サービス残業を監視しているのは、現在では労基署だけだ。しかし、総労働時間の開示を義務付けた場合、監査法人や投資家など、さまざまな視点からのチェックを受けることになる。この制度を導入すれば、無賃労働は激減する。


◆これらの制度は実現可能か◆
現在、日本ではIFRS国際会計基準)への移行準備が進められている。有給休暇引当金は、近い将来、実際に適用されるだろう。また労働時間の開示も、難しくはないはずだ。どんな企業でも社員の労働時間を把握しているはずだし、それを有価証券報告書に載せるだけでいい。
これら2つの制度が導入された場合、企業は有休を消化させざるをえなくなる。また、サービス残業を無くさざるをえなくなる。
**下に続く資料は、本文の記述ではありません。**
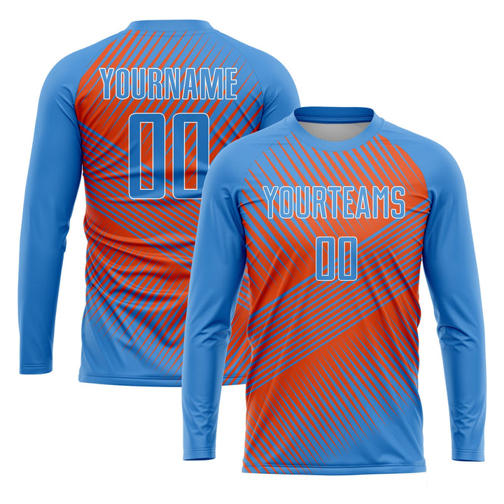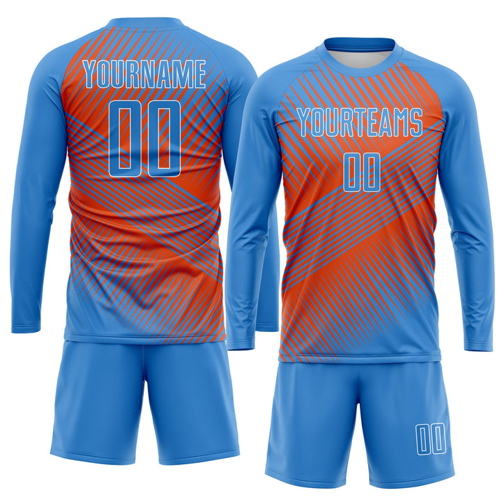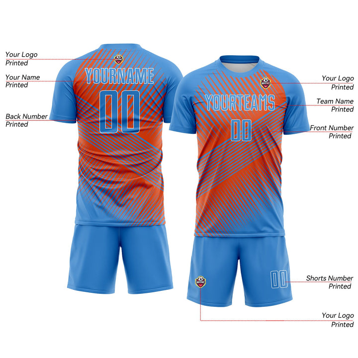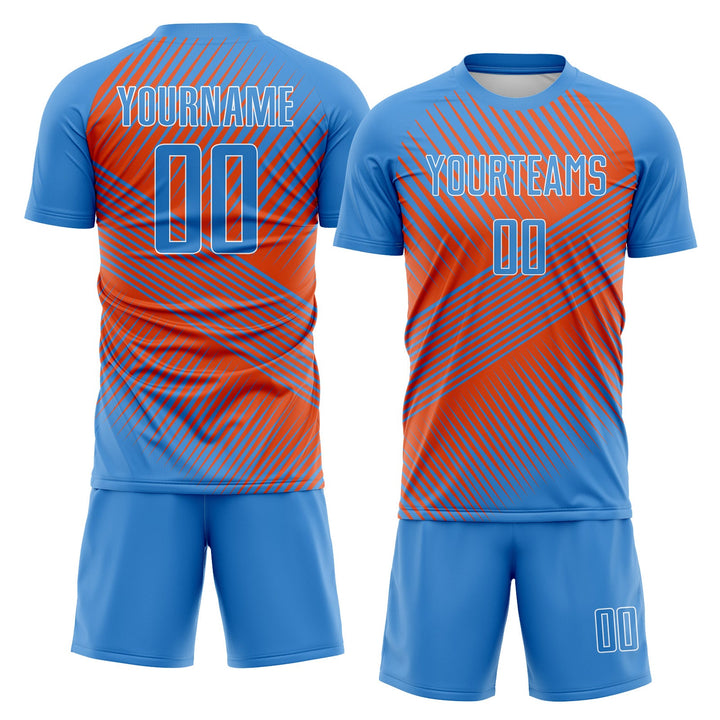 Custom Powder Blue Orange-White Line Classic Uniform Training Sets Soccer Jersey For Adults/Kids
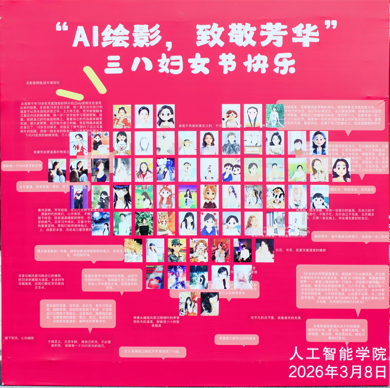春暖三月,芳华绽放。为庆祝国际三八妇女节,充分展现学院女生的独特魅力与精神风貌,用科技与艺术的融合致敬女性力量,我院成功举办 “AI 绘影,致敬芳华” 主题活动。全院师生积极响应,以AI为笔,以时光为墨,绘就专属青春画像,共赴这场美好之约。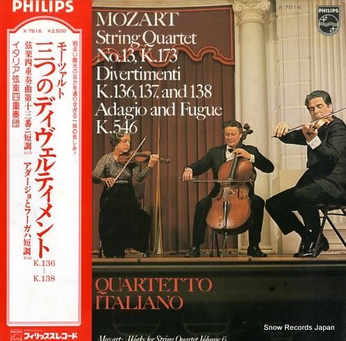 イタリア弦楽四重奏団 モーツァルト:三つのディヴェルティメントk.136〜138 X-7516

もしかしたら、この制度の導入によって潰れる企業もでてくるかも知れない。
ハローワークに相談すると「中小企業ならサービス残業なんて当たり前だよ?」と言われるらしい。違法で当たり前という回答を、あなたはどう思うだろうか。ファーストフード店に入って「この店では違法な食品添加物を使ったメニューしかありません」と言われたら、どう思うだろう。本屋に並んでいるのが違法なエロ本だけ、みたいな状況だ。来いよアグネス!
本来なら潰れて当然の企業が、労働者の無賃労働によって生き永らえてきた。そういう企業こそ「ゾンビ会社」と呼ぶにふさわしい。「会社」という名前の人間はいない。会社とはあくまでも概念的なものでしかない。役員からバイトまで、そこには人間しかいない。何のために企業が存在するのか、企業の社会的な存在意義とは何なのか。閉塞感に満ちた時代だからこそ、考え直すべきではないだろうか。